I found the autobiographical content to be really interesting, especially the part about his early career where he left a stable job to jump fully into an NBA analytics career without even having an interview with an NBA team lined up. Pretty ballsy move! He saw a hint of a possibility that he might be able to make it in the NBA world, and he went all in. And it worked! He was an analyst/coach for many years. (In contrast, when I had a more concrete opportunity to work for an NBA team, I did not aggressively pursue it - probably for the best, given how Basketball GM has turned out!)

It's also pretty funny to hear his story about writing his first book, Basketball On Paper. He asked the famous baseball statistician Bill James for help finding a publisher, and James was like "sorry kid, you're on your own, I'm writing my own basketball book". It seems that James never actually published his basketball book, but it really lit a fire under the young Dean Oliver to finish his quickly!

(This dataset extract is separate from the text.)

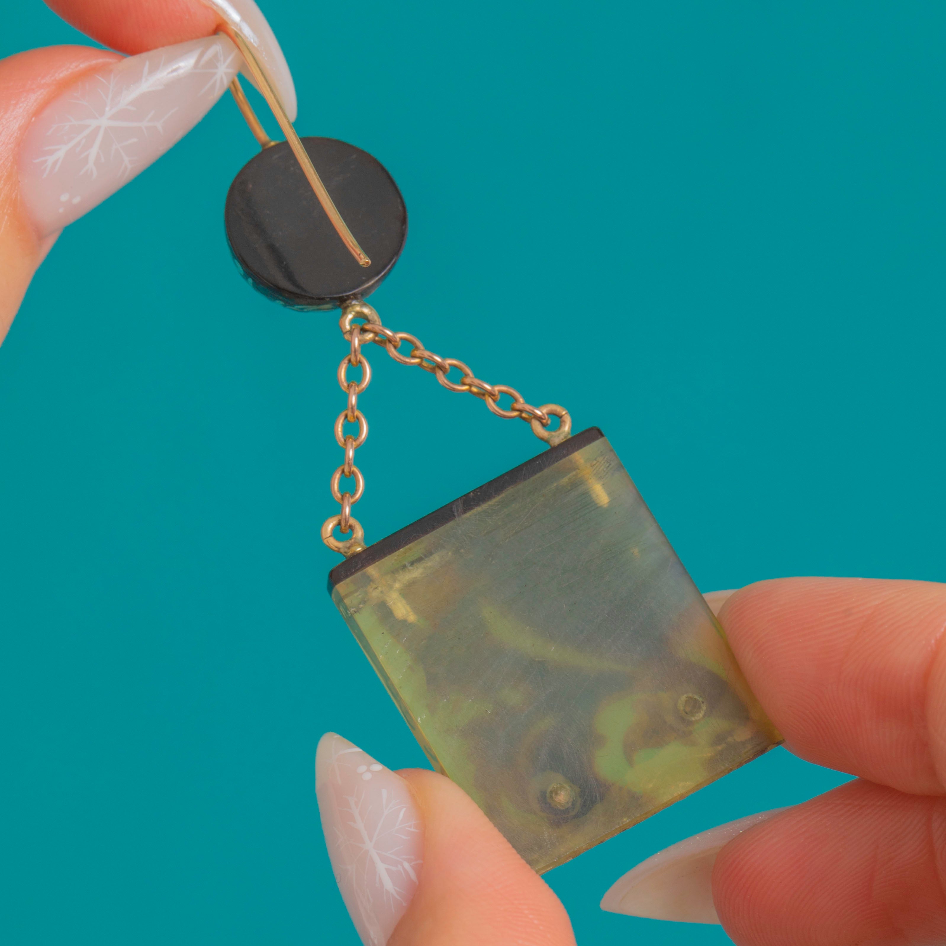 A striking pair of Art Nouveau Piqué drop earrings, alive with sinuous foliate scrolls in shimmering Gold set against a deep, glossy ground. Each earring is crowned by a decorated bead and finishes in an ornate rectangular panel, articulated by short twin chains for beautiful movement and drama on the ear.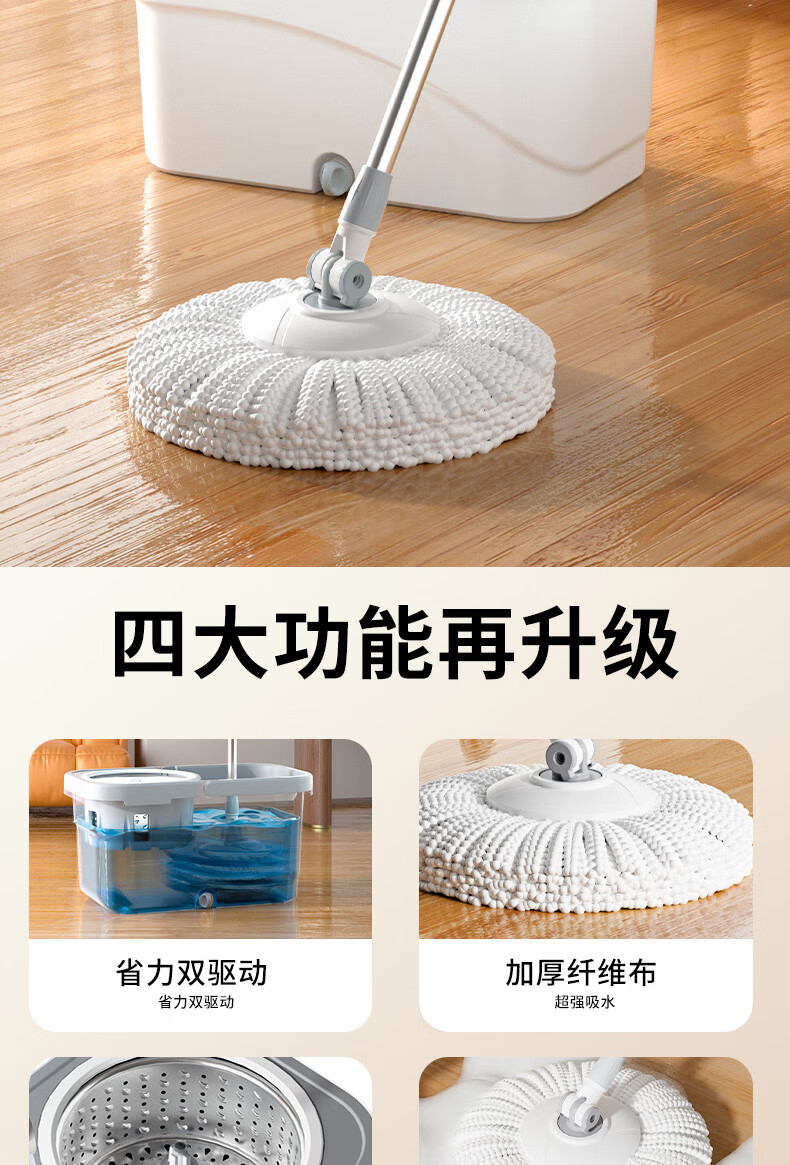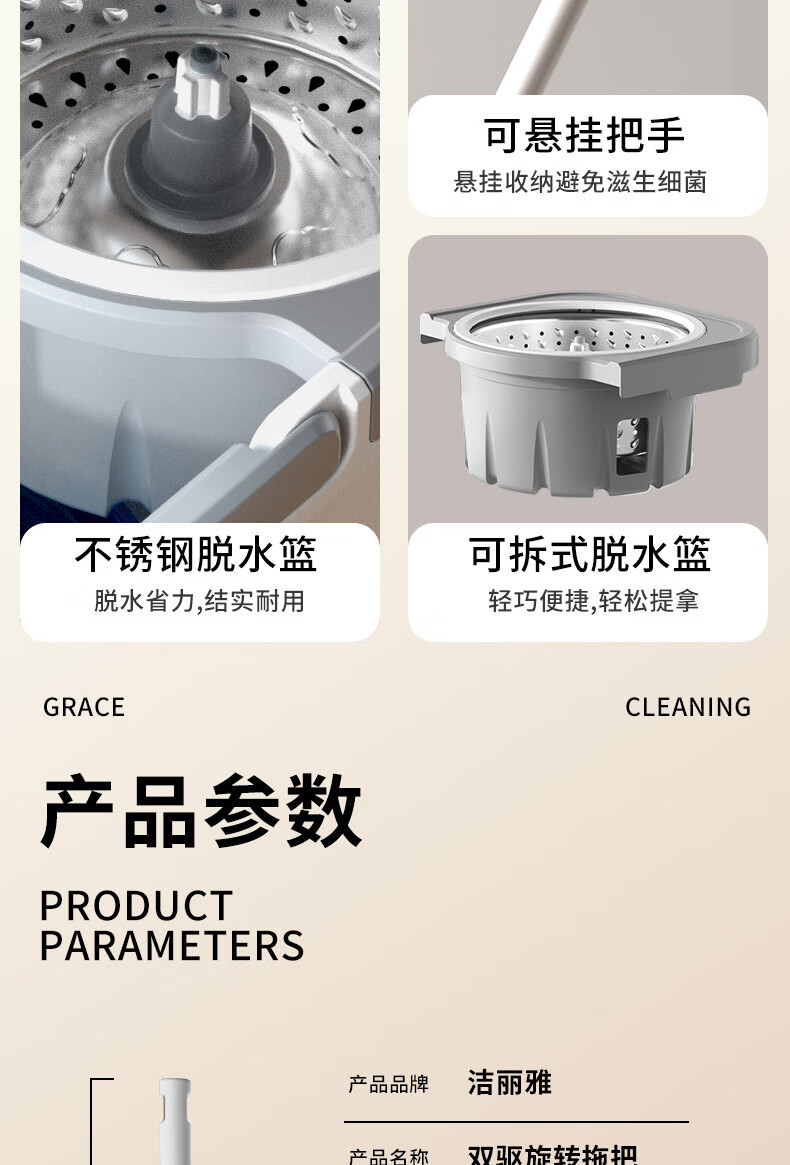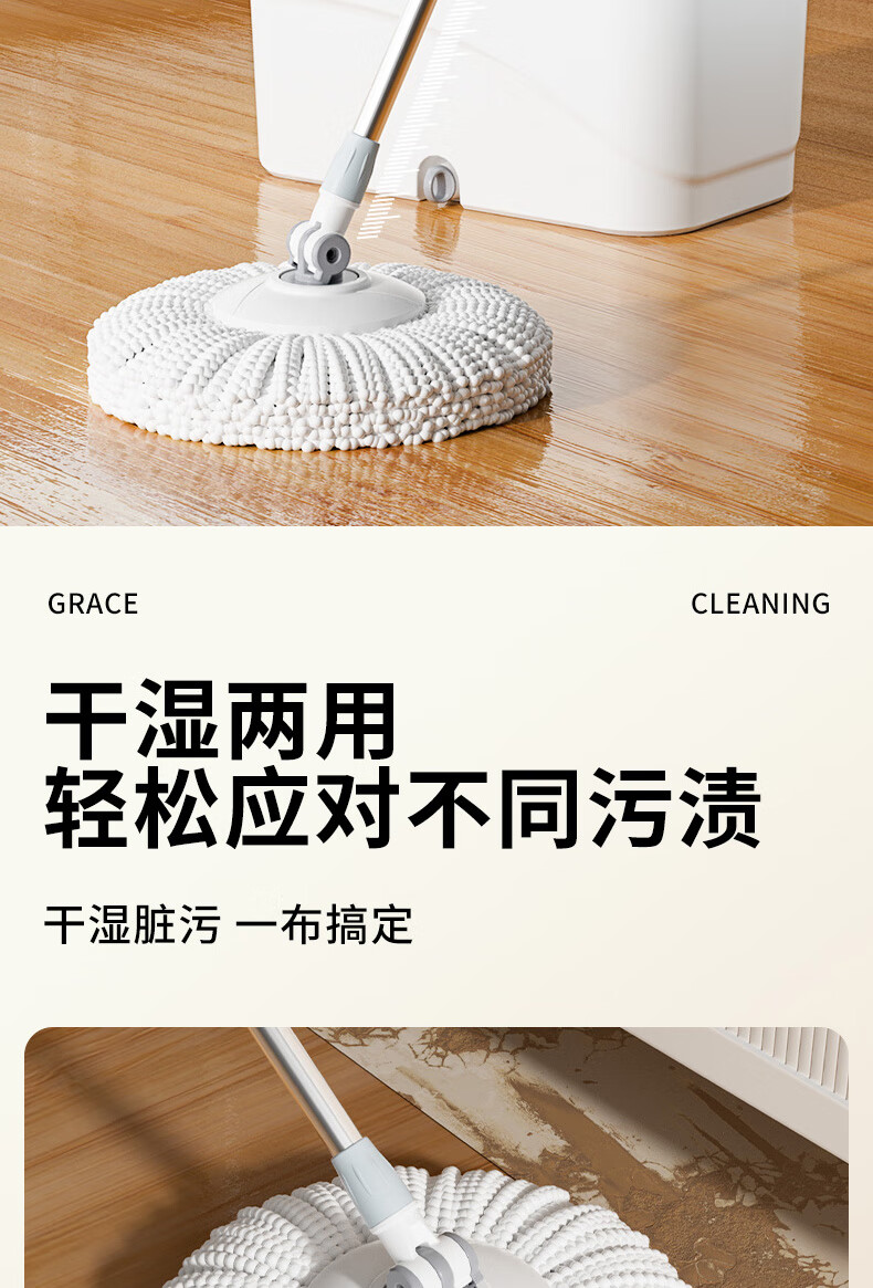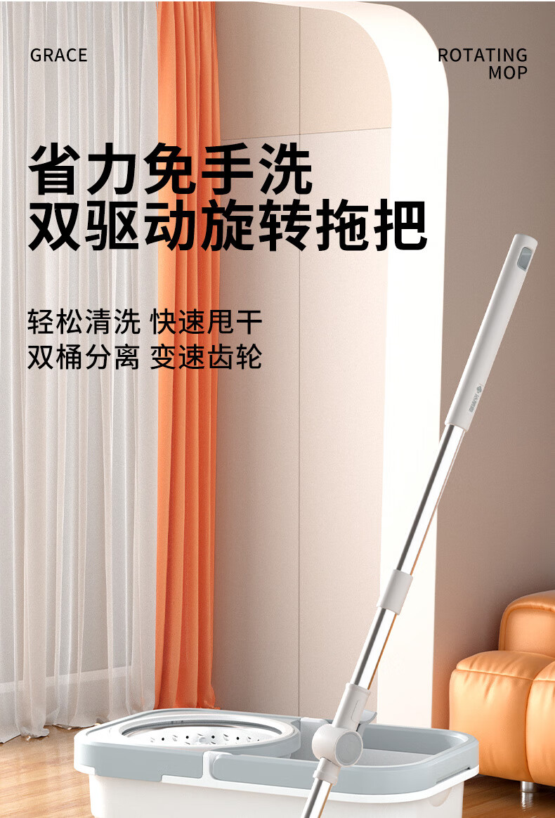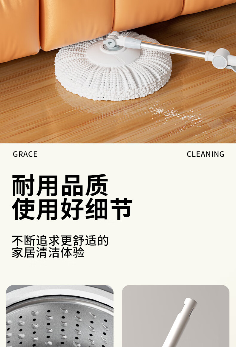 Jieliya rotating mop with 2 mops in total, dual drive, tile and wood floor cleaning and mopping, household one mop

Then of course there's also a lot of basketball analysis! A lot of it is numbers-based, but there is also a lot written more from a coach's perspective. Not necessarily surprising, since Oliver was an assistant coach in the NBA. Some of that content does feel a bit too "touchy feely" for me - like I'm sure emotion matters, motivation matters, coaching matters... all that stuff is fine, but I can get content like that from a lot of people, I'd rather get more hard analytics content from Dean Oliver.

A few other random points that stuck with me:

Finally, I want to talk about how this relates to Basketball GM (BBGM).

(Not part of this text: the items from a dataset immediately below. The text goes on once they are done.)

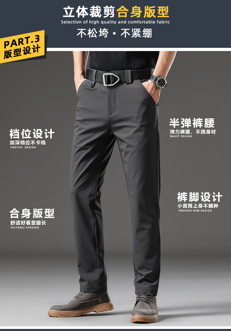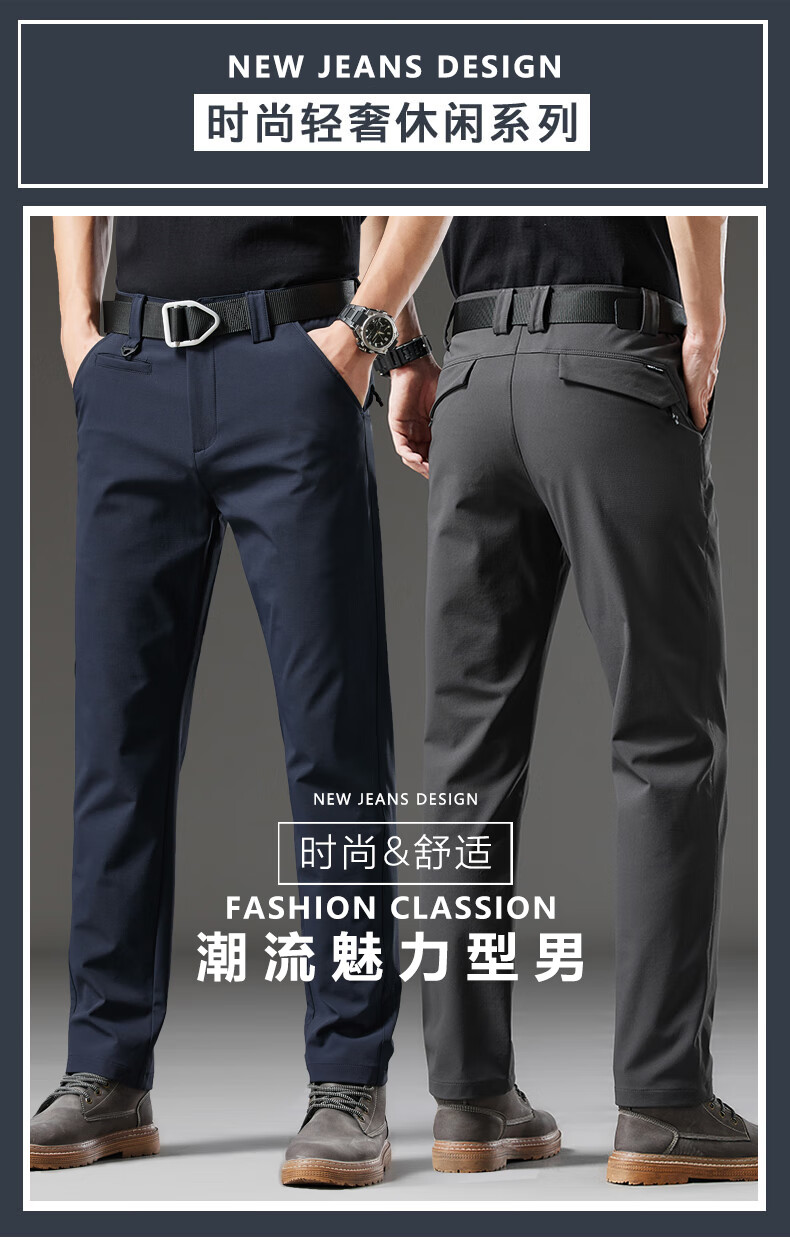 Rich men's casual pants 2025 new autumn straight loose sports pants three-proof tactical workwear suit pants for men 3313H black regular style 32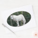 Cette photo impressionnante d'un loup blanc dans la forêt figure sur cet autocollant en forme ovale. Utilisez pour cet envoi spécial, la réservation de ferraille ou donner à votre amant préféré de loup!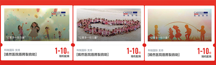 2018年,猎头公司九州酷游国际参加腾讯99公益项目,携手嫣然天使儿童医院为唇腭裂儿童手术进行捐款。活动当天,顺利获得九州酷游国际官方微信、微博等平台进行传播,员工顺利获得个人的微信朋友圈持续转载,各大APP也纷纷发布了此次活动,共联合552名用户累计捐出12万元。本次公益活动为唇腭裂儿童给予了切实的帮助,引发了行业及社会对于这些儿童的广泛关注,并真诚地给予帮助。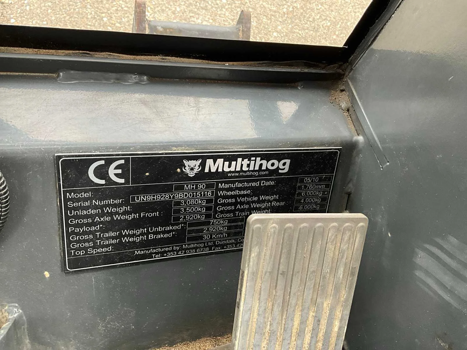 Hydrostatische aandrijving 30KM/H, knikbesturing, fronthef t.b.v. werktuigen, Yanmar 4-cilinder diesel motor, Sper, airconditioning, kachel, joystick bediening Nee Merk: Multihog Type: MH90 Bouwjaar: 2010 Serienummer: UN9H928Y9BD015116 Kenteken: T-03-DPH Afgelezen urenstand: 1024 Versnellingsbaktype: Hydrostatisch Aantal hydraulische ventielen voor: 4 Aantal hydraulische ventielen achter: 4 Bandenmaat voor: 315/55R16 Bandenmaat achter: 315/55R16 Fronthefinrichting: true Cabine: true Luchtgeveerde stoel: true Eigen gewicht: 3080kg Totale afmeting L: 3600mm Totale afmeting Breedte: 1700mm Totale afmeting Hoogte: 2400mm Kentekenpapieren compleet?: true Datum eerste toelating: 2012-02-14 Nationaliteit documenten: Nederland

I'm actually already using one tiny part of net points in BBGM! That was the recent update for the Four Factors in box scores, showing the magnitude of an advantage in terms of net points. Those came from Oliver's formulas that he shared with me. Those formulas are actually not directly in Basketball Beyond Paper, although it talks about them and gets you part of the way there.

What else can I use from this book?

A "net points" advanced stat would actually be easier to calculate from BBGM's simulation than it would be from real life, since I literally know the impact of every player on every event in the game - it's my code doing it! Still, it wouldn't be the easiest thing to do, but it'd be neat to try to come up with my own "net points" system for the BBGM world and then show that in game as an advanced stat.

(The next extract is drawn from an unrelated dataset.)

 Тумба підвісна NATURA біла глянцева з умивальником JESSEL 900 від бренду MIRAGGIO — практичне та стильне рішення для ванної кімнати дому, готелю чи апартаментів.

There is also a metric for "fit" in the book, basically trying to quantify how well a player fits with his teammates in terms of +/-. There are some caveats and it's not a perfect stat, but it'd be better than nothing, which is what I have now in terms of stats to tell you how well players fit together.

And one last thing in the book relates to a controversial part of BBGM. In BBGM, player development does not depend on stats or playing time - just age, coaching, and luck. I did it this way because I always felt skeptical that playing time mattered. Players spend so much time playing games and practicing before the NBA, and then once in the NBA there is tons more practice. Does a little bit of time in games really matter? I get asked about this so much that it's in the FAQ. Most people say yes, but I remain skeptical.

This question nerd sniped the homie nicidob into doing a very rudimentary analysis that at least suggests that maybe I'm right and playing time doesn't matter.

And yet in this book, Oliver writes:

Playing time does improve players. But the tendency was to see those potential skills as becoming real skills much faster than they often actually did.

So the second sentence is kind of agreeing with my intuition, but overall he says that playing time does matter at least a little bit! Unfortunatley this is just a throwaway line in the book, not part of an actual analysis, so he doesn't provide any support for this claim. I'm sure he has some though, and I would certainly be interested in seeing it!

Anyway, in conclusion, it's a good book, I enjoyed it. Maybe I'd like it better if it went even more in depth on the methodology, but the other content is fun too.